### Exercise details
Pictures must be left out. Retype exactly the lines from the one containing "宁波舟山港梅山港区的远控操作" through the last line of the records below.

══ Records supplied

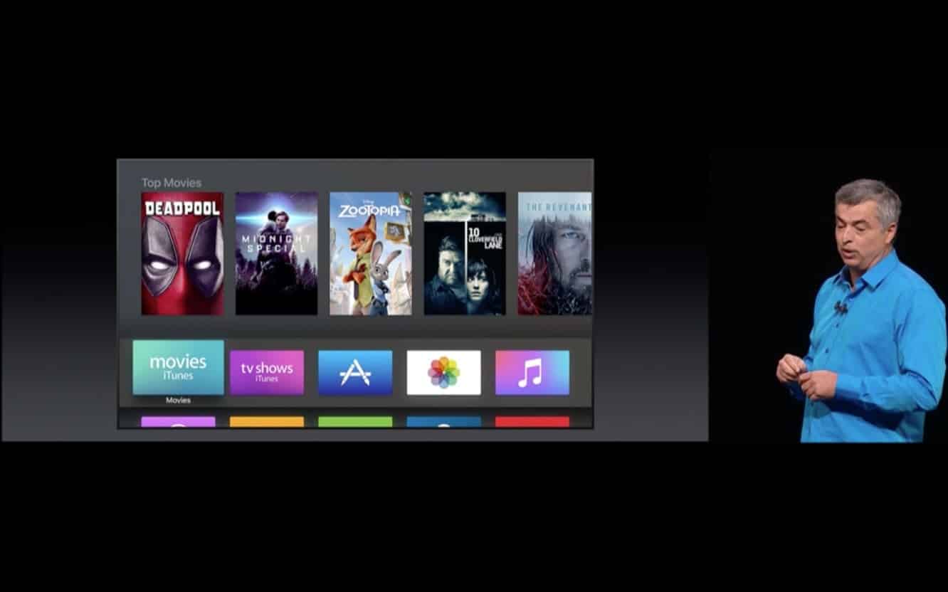 During this year’s Worldwide Developer’s Conference in San Francisco today, Eddy Cue, Apple’s SVP of Internet Software and Services, provided more details on its next-generation version of tvOS. While Cue conspicuously omitted any kind of version number, he highlighted key features in the next tvOS release, including a redesigned Apple Remote app for iOS that will provide the full capabilities of the Siri Remote, including voice control and accelerometer and gyroscope support for games, the ability to search movies and TV shows by topics, search YouTube using Siri, and expansion of the Live Tune-In feature added earlier this year to more channels.
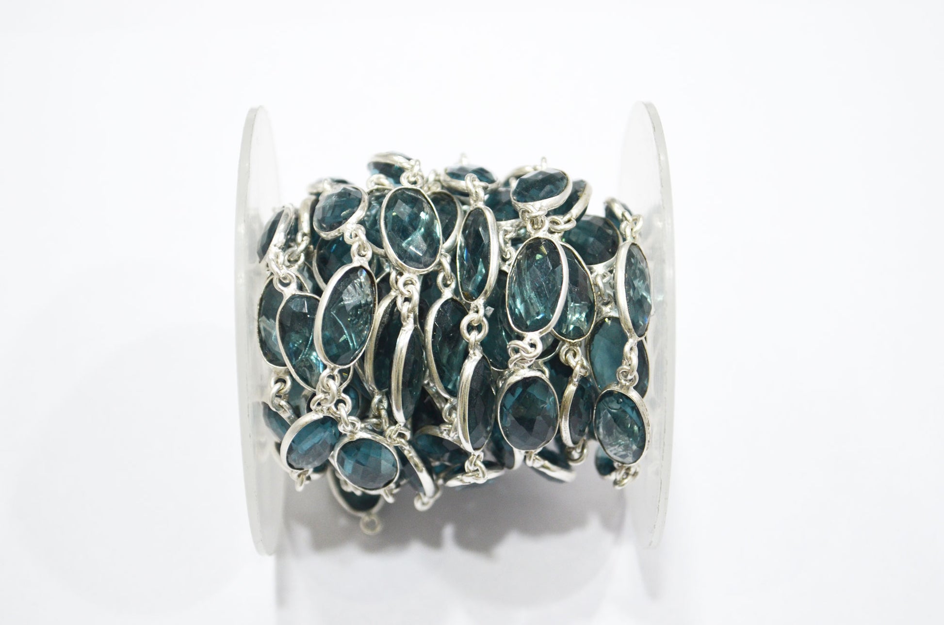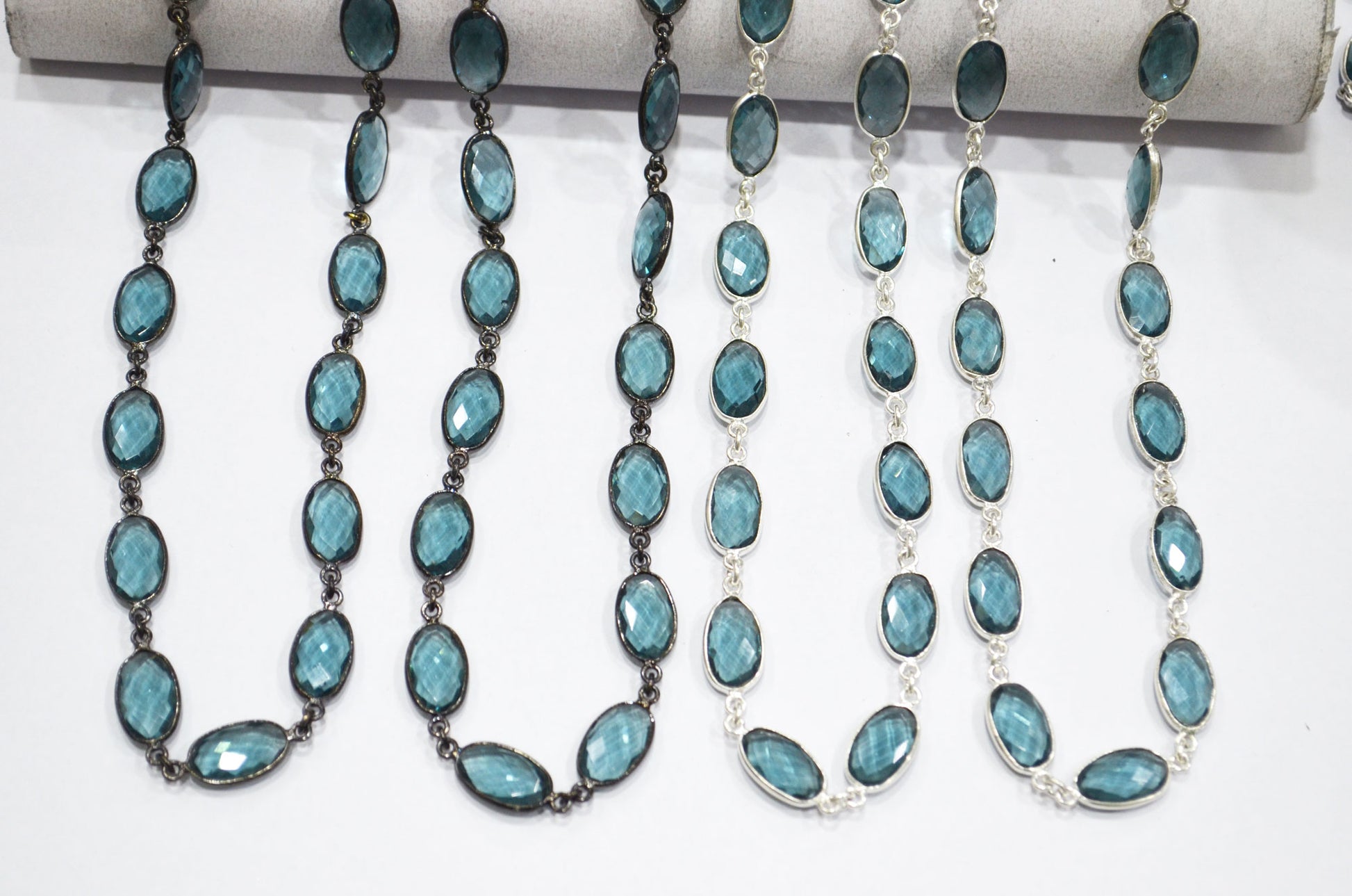 London Blue Hydro Quartz Faceted Oval Shape Connector Chain , London Blue Hydro Quartz Bezel Link Chain , 9x13 mm , RB-5703
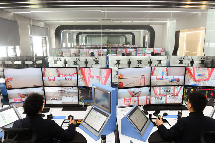宁波舟山港梅山港区的远控操作室内6块屏幕从不同角度清晰呈现作业画面桥吊司机左右手配合轻推摇杆在约3公里外的码头上桥吊将一个个集装箱快速稳定完成装卸
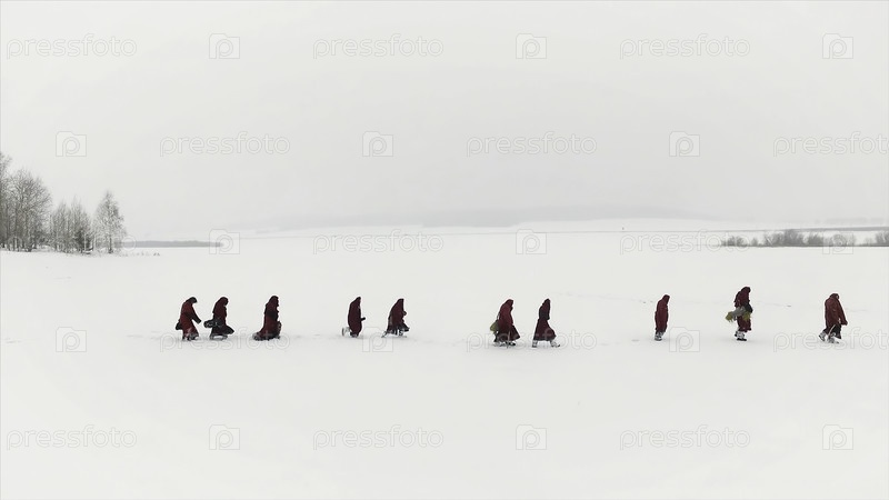Группа людей, путешествующих по тайге или заснеженному лесу следуют друг за другом. Кадр. Группа людей на зимних походах в горах, туристы, гуляющие в снежном лесу
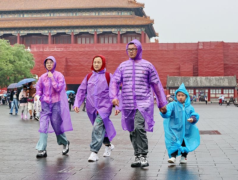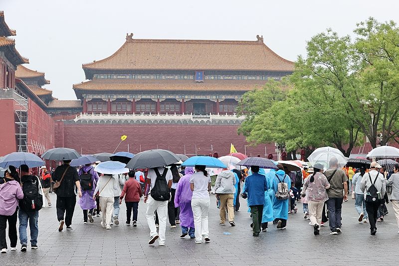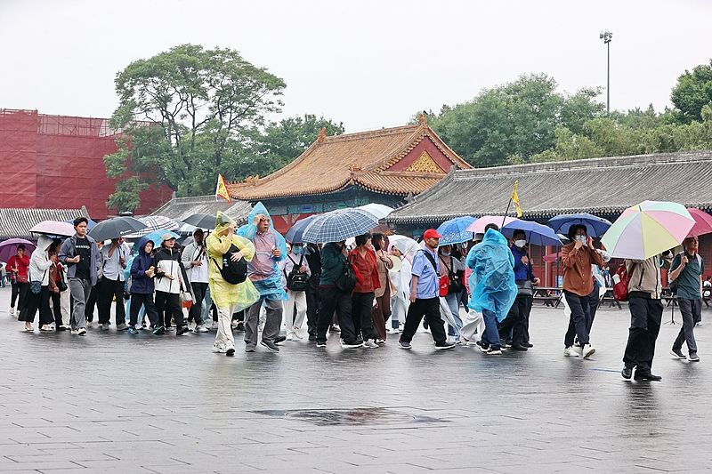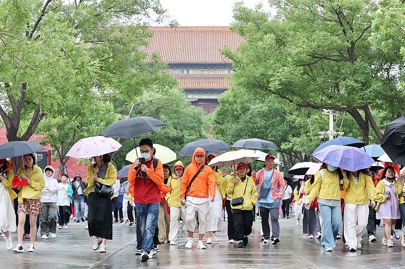 2025年5月22日,北京风雨交加,游客热情不减游览故宫。
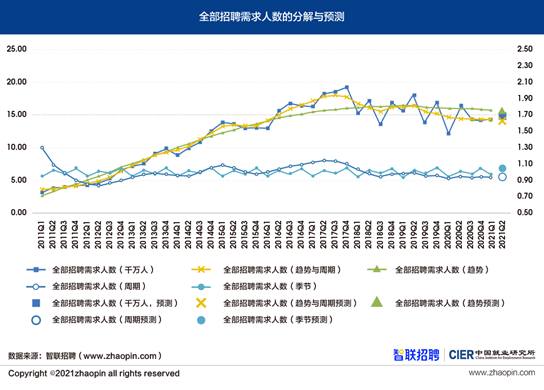 基于计量模型的预测显示,2021年二季度的全部招聘需求人数(周期成分)将与一季度基本持平,全部招聘需求人数(趋势成分)将略低于一季度,而全部招聘需求人数(季度因素)则会明显高于一季度。综合来看,2021年二季度全部招聘需求人数将略高于一季度,但低于去年同期水平。
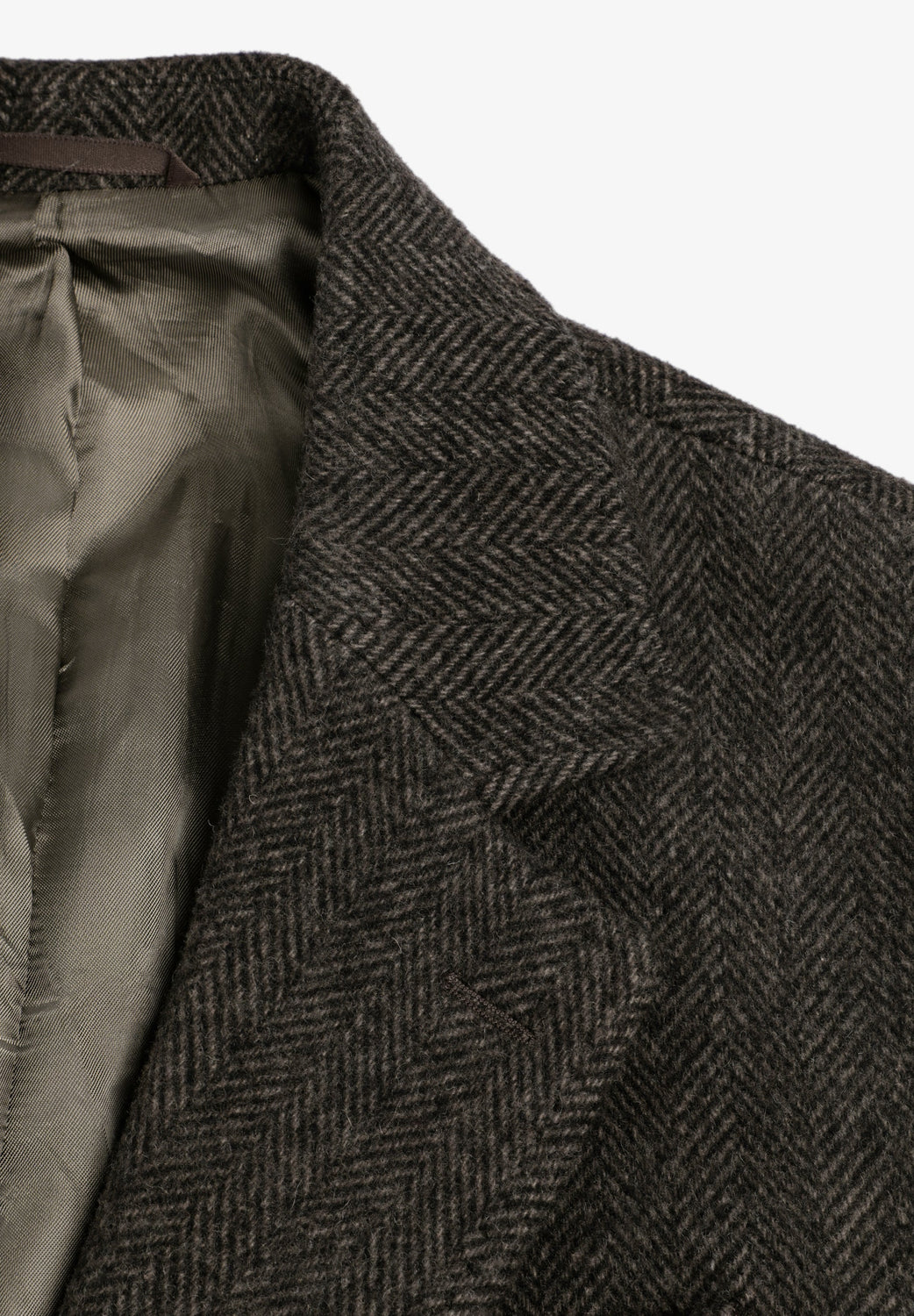 Manteau à chevrons dans les tons bruns. Col à revers. Poches à double rabat, fermeture à bouton sur le devant. Sensation de brossage.

════

### Answer to the problem
宁波舟山港梅山港区的远控操作室内6块屏幕从不同角度清晰呈现作业画面桥吊司机左右手配合轻推摇杆在约3公里外的码头上桥吊将一个个集装箱快速稳定完成装卸
Группа людей, путешествующих по тайге или заснеженному лесу следуют друг за другом. Кадр. Группа людей на зимних походах в горах, туристы, гуляющие в снежном лесу
 2025年5月22日,北京风雨交加,游客热情不减游览故宫。
 基于计量模型的预测显示,2021年二季度的全部招聘需求人数(周期成分)将与一季度基本持平,全部招聘需求人数(趋势成分)将略低于一季度,而全部招聘需求人数(季度因素)则会明显高于一季度。综合来看,2021年二季度全部招聘需求人数将略高于一季度,但低于去年同期水平。
 Manteau à chevrons dans les tons bruns. Col à revers. Poches à double rabat, fermeture à bouton sur le devant. Sensation de brossage.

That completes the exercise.